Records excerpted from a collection

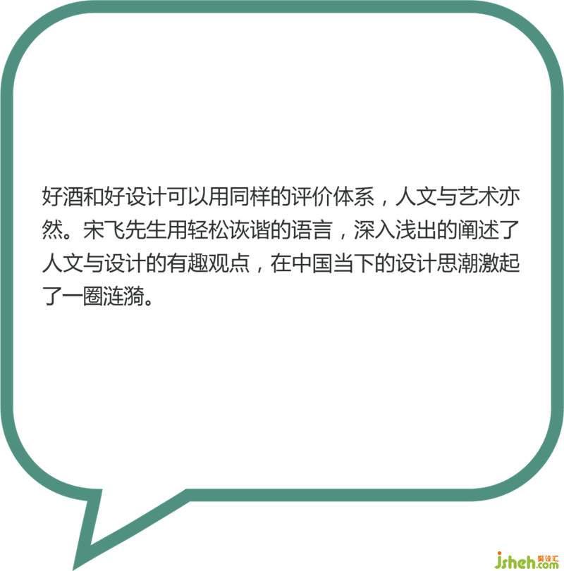 好酒和好設(shè)計可以用同樣的評價體系,基酒,調(diào)酒工藝,容器,窖洞,年份是窖藏酒的關(guān)鍵詞,設(shè)計與人文亦然。宋飛先生用輕松詼諧的語言,深入淺出的闡述了人文與設(shè)計的有趣觀點,為中國當(dāng)下的設(shè)計思潮激起了一圈漣漪。
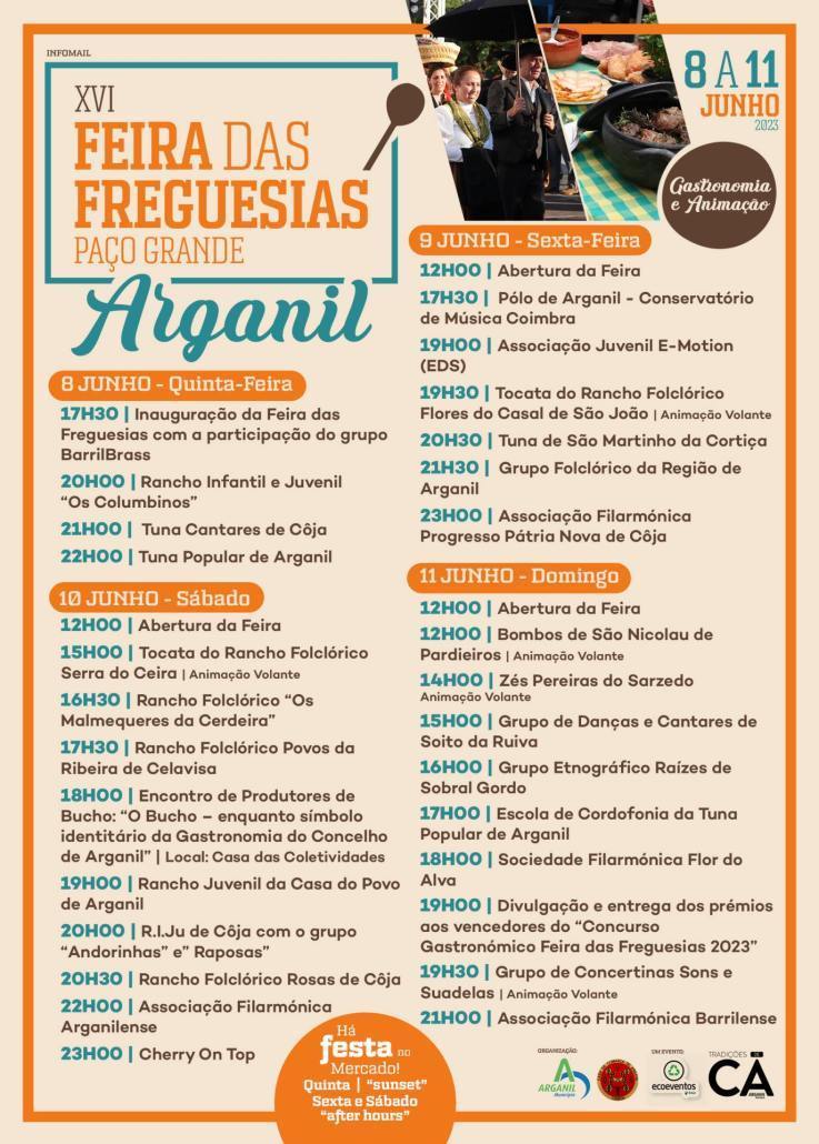 Um dos eventos mais esperados do ano em Arganil, está de regresso para a sua 16ª edição. Falamos, pois, da Feira das Freguesias – Mostra Gastronómica, espaço privilegiado de convívio, cultura e tradição, que põe em grande destaque a gastronomia típica de cada umas das freguesias, numa festa popular de grande expressão concelhia.
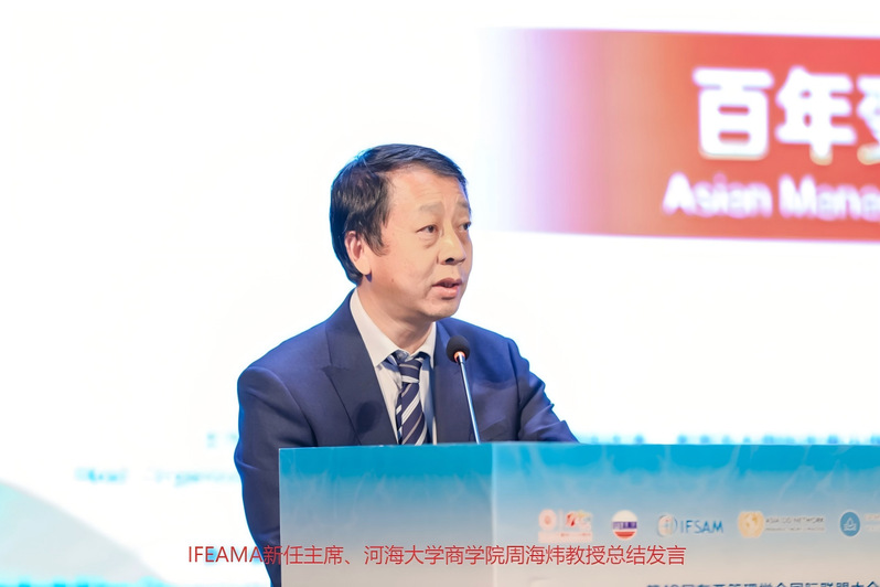 IFEAMA新任主席、电影先生 周海炜教授主持下半场主旨演讲。江西财经大学工商管理学院院长、教授胡海波以中国航天、高铁等重大工程为例,阐释了新型举国体制的文化基因与组织管理模式;日本立教大学名誉教授Hayashi Takabumi回顾了IFEAMA的创立历程与发展愿景,强调跨文化管理研究的重要性;中国财政科学研究院副院长、研究员徐玉德通过线上方式解读了“资本市场吹哨人制度”的设计机理与现实审视;新华社总经理室原总经理、新华网股份有限公司原董事长、总裁田舒斌结合非洲“灯塔工厂”建设实践,讲述了东方管理哲学在海外落地生根的生动案例。
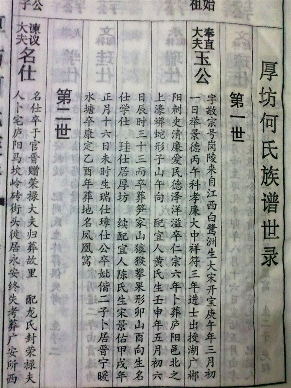 因为吾燕泉堂鼻祖孟春公确实于大明嘉靖十六年(1536)已经去世,所以有人据此认为此谱序是攀附名人,是造假之作。我个人认为这未必就是造假。因为在谱序中有两句话:“寒舍鳞居鲁塘简藓不一,愧未追随先生,常相亲炙,使少长皆有矜式。因念族谱迟久不修,则代远年湮,支分别派恐难就正,今欲循枝以推其本,临流以遡厥源,俾十世余宗祊(bēng)朗然如纲之在纲,有条不紊。长兄其肯出一言以弁(biàn)诸首,则重增九鼎矣。”、“此日也二弟唯唯而退。予是乎书。”从这两句话中可以看出德凤德仪两弟兄对孟春公是非常尊重和推崇的,而自己表现得很谦卑,如果不是事实,不论古代现代有谁会在人前如此自我贬低呢?况且当时家谱也不可能只有一套传诸后世,谁会闹这样的大笑话呢?当然,文中时间误差确实存在,我认为这是清光绪九年癸未(1883年)续修甲申谱时刊刻错误,查孟春公生年之明朝皇帝践极达二十一年以上者惟嘉靖帝,应该是把嘉靖二十一年错刻为万历二十一年了,这篇谱序是德凤德仪二公在孟春公去世前托其所写,后来成谱时孟春公已经去世了。众所周知,古代一套家谱从倡议修谱到成谱发行是要经过很多复杂的工序的,历时往往会在数年甚至于数十年,但多项工作是可以同时进行的,且谱中并没有说成谱时德凤德仪二公尚在人世。同时从文中也可以看出孟春公称呼为宗弟,说明孟春公或者说德凤德仪二公是认可聘仲公支系和浚明公支系是同族同宗的。而《厚坊何氏族谱》中则明确聘仲公是玉公次子学仕公之后,孟春公为汝城何氏所撰的《怀普公传》中所写的“吾与公同乡且连族”则表明孟春公是认可汝城何氏玉公裔孙怀普公和大塘何氏是同祖同宗的。而经过多方查证,大塘何氏是玉公长子名仕公裔孙荣十三郎之子知亮公之后,这也说明了大塘何氏和鲁塘何氏是同祖同宗的源流关系。
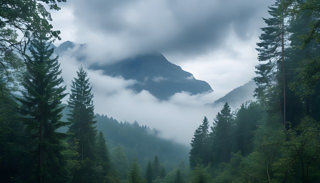 雾气环绕的山脉与密林构成的宁静自然景观。
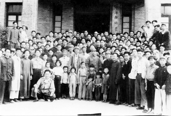 1949年5月20日,王震将军等在学校大楼(今北校区3号教学楼)前与西北农学院师生合影留念
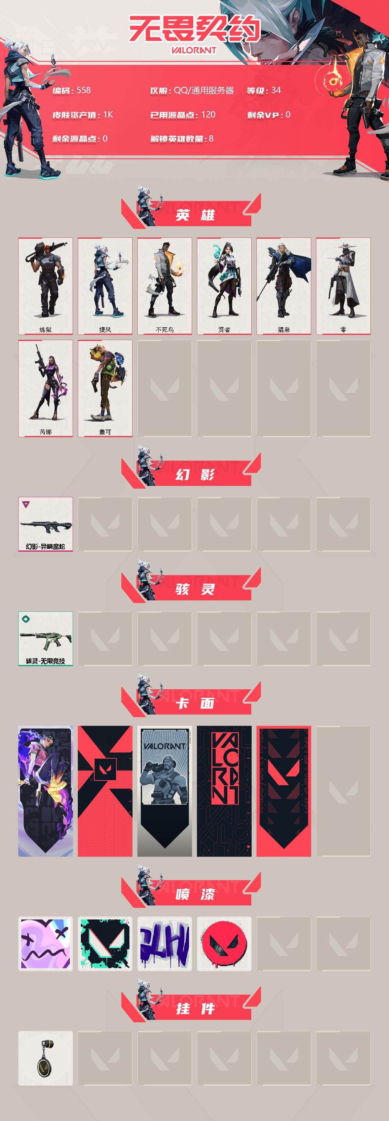 [12958705]【英雄】:炼狱,捷风,不死鸟,贤者,猎枭,零,芮娜,盖可 【幻影】:幻影-异鳞魔蛇 【骇灵】:骇灵-无限竞技 【卡面】:无畏契约:暮蝶 卡面,代号红色 卡面,新兵报到 卡面,V契约 卡面,无畏契约 卡面 【喷漆】:伤心心 喷漆,胜利属于无畏契约 喷漆,GLHF 喷漆,无畏契约 喷漆 【挂饰】:无畏契约 纪念币 挂饰
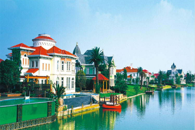 庄园以欧美经典城堡为母本,以岛屿与海洋的相互关系为生态主题,设计了18座精巧岛屿及半岛、5片湖泊,3条自然河和覆盖全区的若干支流,3000多棵雄冠大树建成的生态园区,整座庄园似一座世外桃源。
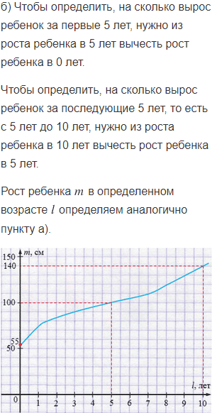 б) Чтобы определить, на сколько вырос ребенок за первые 5 лет, нужно из роста ребенка в 5 лет вычесть рост ребенка в 0 лет.

PROBLEM DESCRIPTION >>
Hand back the exact lines from the start of the entries to the line with "因为吾燕泉堂鼻祖孟春公确实于", both ends kept and pictures left out.

WRITTEN SOLUTION >>
 好酒和好設(shè)計可以用同樣的評價體系,基酒,調(diào)酒工藝,容器,窖洞,年份是窖藏酒的關(guān)鍵詞,設(shè)計與人文亦然。宋飛先生用輕松詼諧的語言,深入淺出的闡述了人文與設(shè)計的有趣觀點,為中國當(dāng)下的設(shè)計思潮激起了一圈漣漪。
 Um dos eventos mais esperados do ano em Arganil, está de regresso para a sua 16ª edição. Falamos, pois, da Feira das Freguesias – Mostra Gastronómica, espaço privilegiado de convívio, cultura e tradição, que põe em grande destaque a gastronomia típica de cada umas das freguesias, numa festa popular de grande expressão concelhia.
 IFEAMA新任主席、电影先生 周海炜教授主持下半场主旨演讲。江西财经大学工商管理学院院长、教授胡海波以中国航天、高铁等重大工程为例,阐释了新型举国体制的文化基因与组织管理模式;日本立教大学名誉教授Hayashi Takabumi回顾了IFEAMA的创立历程与发展愿景,强调跨文化管理研究的重要性;中国财政科学研究院副院长、研究员徐玉德通过线上方式解读了“资本市场吹哨人制度”的设计机理与现实审视;新华社总经理室原总经理、新华网股份有限公司原董事长、总裁田舒斌结合非洲“灯塔工厂”建设实践,讲述了东方管理哲学在海外落地生根的生动案例。
 因为吾燕泉堂鼻祖孟春公确实于大明嘉靖十六年(1536)已经去世,所以有人据此认为此谱序是攀附名人,是造假之作。我个人认为这未必就是造假。因为在谱序中有两句话:“寒舍鳞居鲁塘简藓不一,愧未追随先生,常相亲炙,使少长皆有矜式。因念族谱迟久不修,则代远年湮,支分别派恐难就正,今欲循枝以推其本,临流以遡厥源,俾十世余宗祊(bēng)朗然如纲之在纲,有条不紊。长兄其肯出一言以弁(biàn)诸首,则重增九鼎矣。”、“此日也二弟唯唯而退。予是乎书。”从这两句话中可以看出德凤德仪两弟兄对孟春公是非常尊重和推崇的,而自己表现得很谦卑,如果不是事实,不论古代现代有谁会在人前如此自我贬低呢?况且当时家谱也不可能只有一套传诸后世,谁会闹这样的大笑话呢?当然,文中时间误差确实存在,我认为这是清光绪九年癸未(1883年)续修甲申谱时刊刻错误,查孟春公生年之明朝皇帝践极达二十一年以上者惟嘉靖帝,应该是把嘉靖二十一年错刻为万历二十一年了,这篇谱序是德凤德仪二公在孟春公去世前托其所写,后来成谱时孟春公已经去世了。众所周知,古代一套家谱从倡议修谱到成谱发行是要经过很多复杂的工序的,历时往往会在数年甚至于数十年,但多项工作是可以同时进行的,且谱中并没有说成谱时德凤德仪二公尚在人世。同时从文中也可以看出孟春公称呼为宗弟,说明孟春公或者说德凤德仪二公是认可聘仲公支系和浚明公支系是同族同宗的。而《厚坊何氏族谱》中则明确聘仲公是玉公次子学仕公之后,孟春公为汝城何氏所撰的《怀普公传》中所写的“吾与公同乡且连族”则表明孟春公是认可汝城何氏玉公裔孙怀普公和大塘何氏是同祖同宗的。而经过多方查证,大塘何氏是玉公长子名仕公裔孙荣十三郎之子知亮公之后,这也说明了大塘何氏和鲁塘何氏是同祖同宗的源流关系。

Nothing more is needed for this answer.